Abstract
Unintended pregnancies are typically associated with poor health outcomes for mothers and babies, and they also limit the social mobility of women and their families. Gaston County has achieved great success in reducing both teen pregnancies and unintended pregnancies among low-income women through the Gaston Youth Connected project and the local health department's push to increase accessibility to long-acting reversible contraception. Reductions in the racial disparities in teen pregnancy rates, higher graduation rates for females, and fewer pregnancies among low-income women all indicate a potential for better reproductive health to increase the social mobility of Gaston County women. The ability to clearly connect health outcomes to long-term social improvements helps create sustainable community buy-in and should be a priority in public health initiatives.
Each year, 45% of all pregnancies in the United States are unintended [1]. Adolescent pregnancy rates are declining, but American teens are still much more likely to experience a pregnancy than their peers in other Western industrialized nations [2]. Teen mothers have lower graduation rates and higher poverty rates, and their children are more likely to have negative health and social outcomes over the course of their own lives [3]. Both teen pregnancies and unintended pregnancies occur more often among women who are poor or who belong to racial/ethnic minorities [1, 2].
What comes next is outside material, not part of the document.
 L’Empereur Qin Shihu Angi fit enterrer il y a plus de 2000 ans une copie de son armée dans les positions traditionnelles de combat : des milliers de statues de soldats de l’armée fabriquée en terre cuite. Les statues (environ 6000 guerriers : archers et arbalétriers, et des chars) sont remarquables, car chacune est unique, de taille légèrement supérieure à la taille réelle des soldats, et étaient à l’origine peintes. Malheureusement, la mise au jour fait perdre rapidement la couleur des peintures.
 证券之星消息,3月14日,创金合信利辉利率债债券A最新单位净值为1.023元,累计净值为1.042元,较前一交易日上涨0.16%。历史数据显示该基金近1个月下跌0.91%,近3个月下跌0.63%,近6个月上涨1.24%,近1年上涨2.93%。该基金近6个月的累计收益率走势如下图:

In the early 2000s, public health leaders in Gaston County recognized that local teen pregnancy rates were consistently higher than the North Carolina rate [4], and they began allocating resources to address the issue. While the motivation to tackle this issue focused on improving health outcomes for mothers and babies, public health professionals also acknowledged teen pregnancy's negative impact on social outcomes such as higher school dropout rates, fewer job prospects, and a lifetime of economic instability.
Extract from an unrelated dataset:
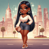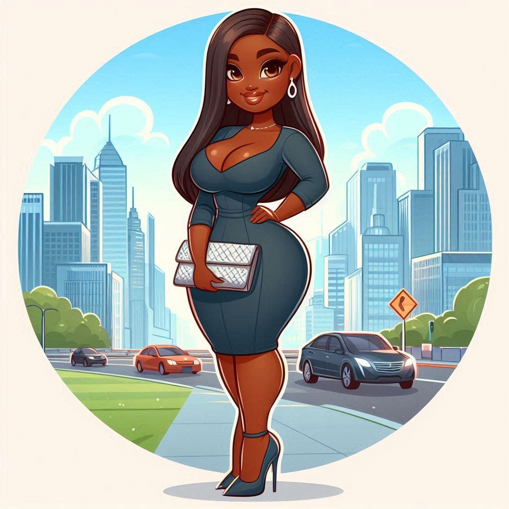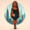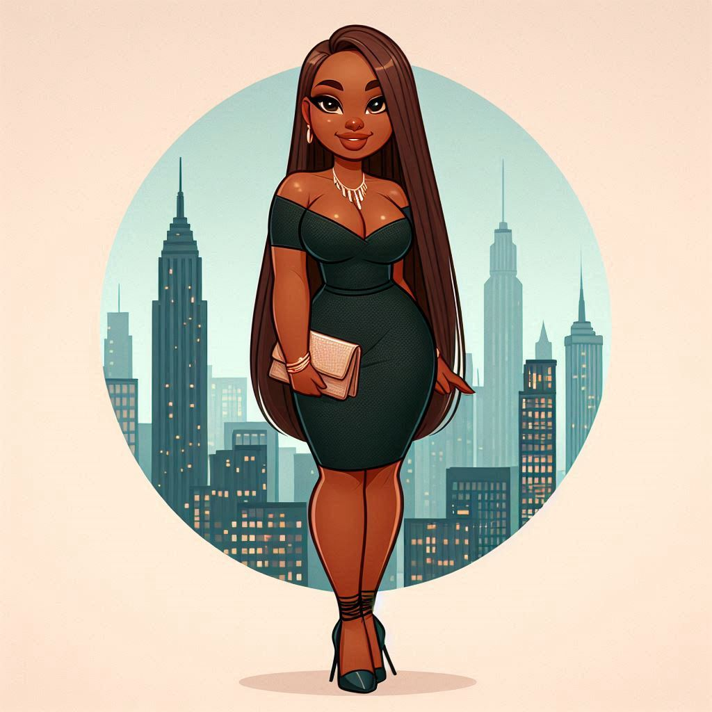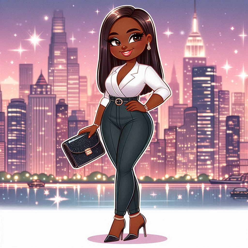 The image features an illustration of a person standing in front of a stylized cityscape that resembles New York City, with the Empire State Building visible in the background. The person is wearing a white top, denim shorts, and high heels, and is holding a purse. At the top of the image, there’s an inspiring quote: “The only person you are destined to become is the person you decide to be.”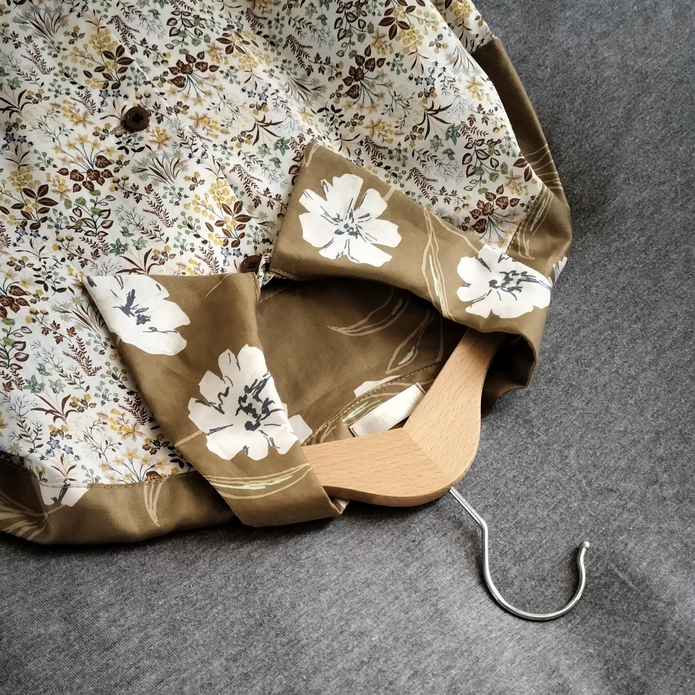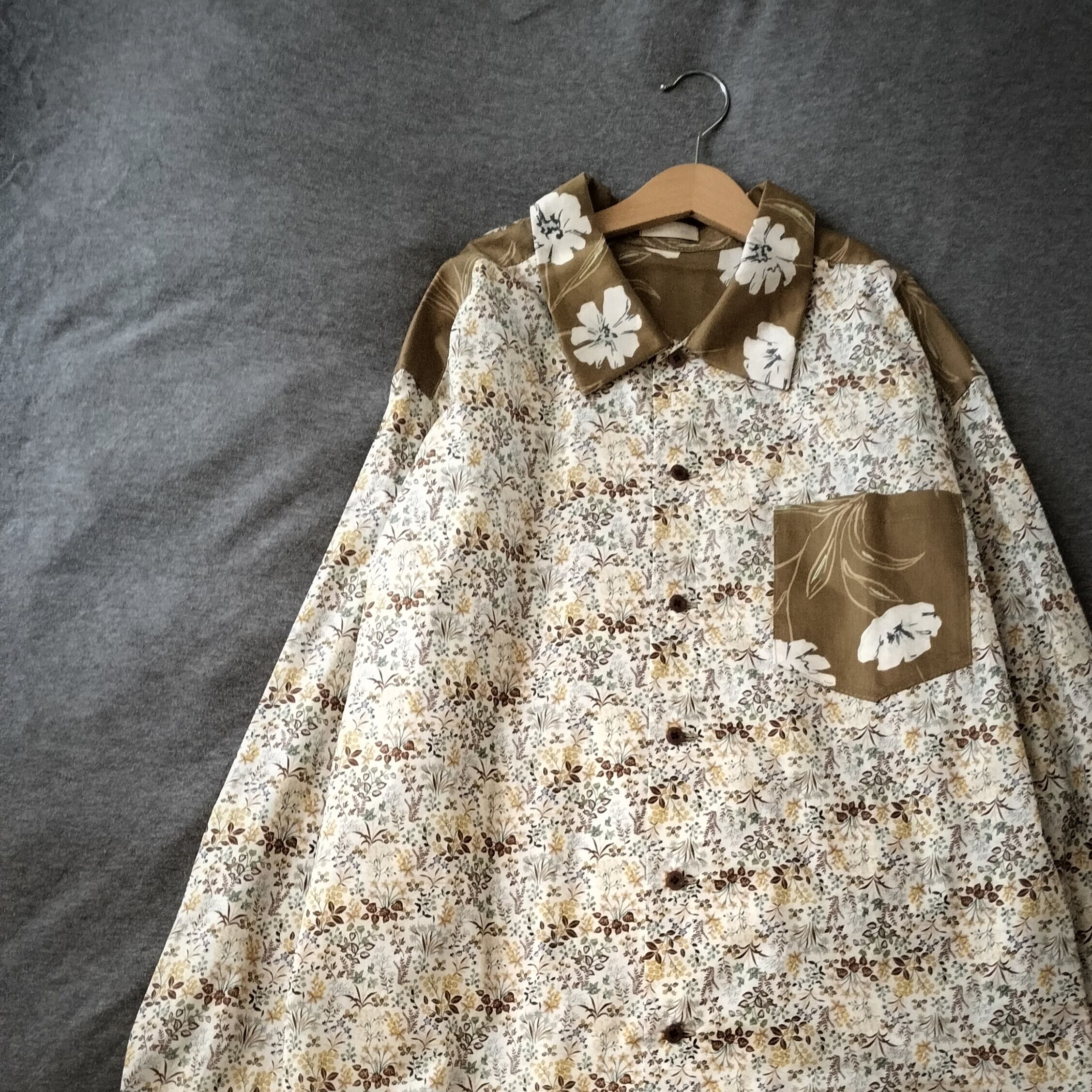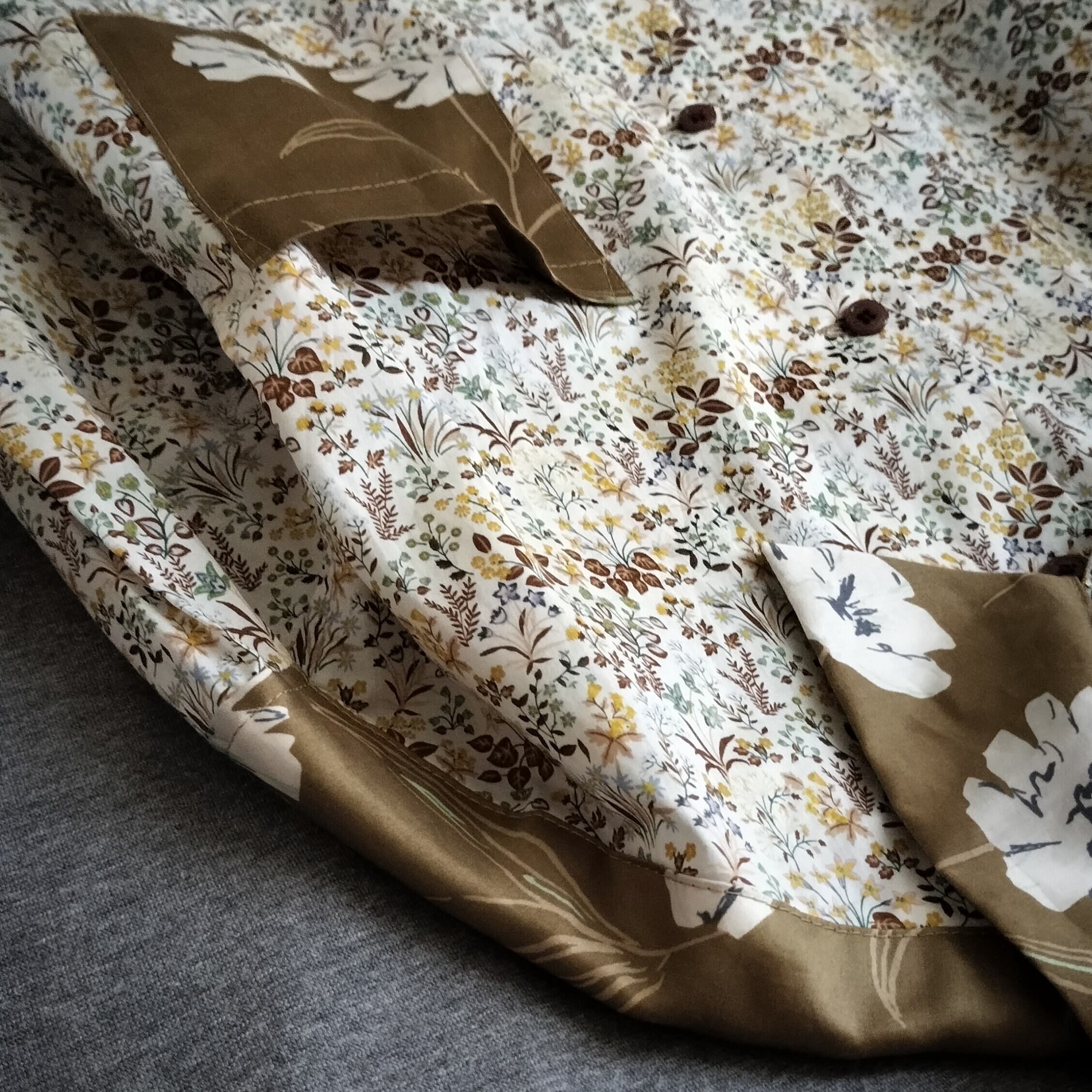 イエローベースの花柄生地を2種組み合わせた服。

These factors and others are now understood to be part of a cohort of influences that impact health directly by limiting social mobility and hampering the ability of women and families to rise out of poverty. Low social mobility has become central to public health because it reinforces poor health and social outcomes across generations, as children born into low-income families are more likely to suffer serious health problems, which then reduce their opportunities to escape poverty as adults [5]. When women are given tools to better control and make decisions about their reproductive health, they are more likely to achieve higher educational and career outcomes and are therefore more likely to be able to overcome poverty [6].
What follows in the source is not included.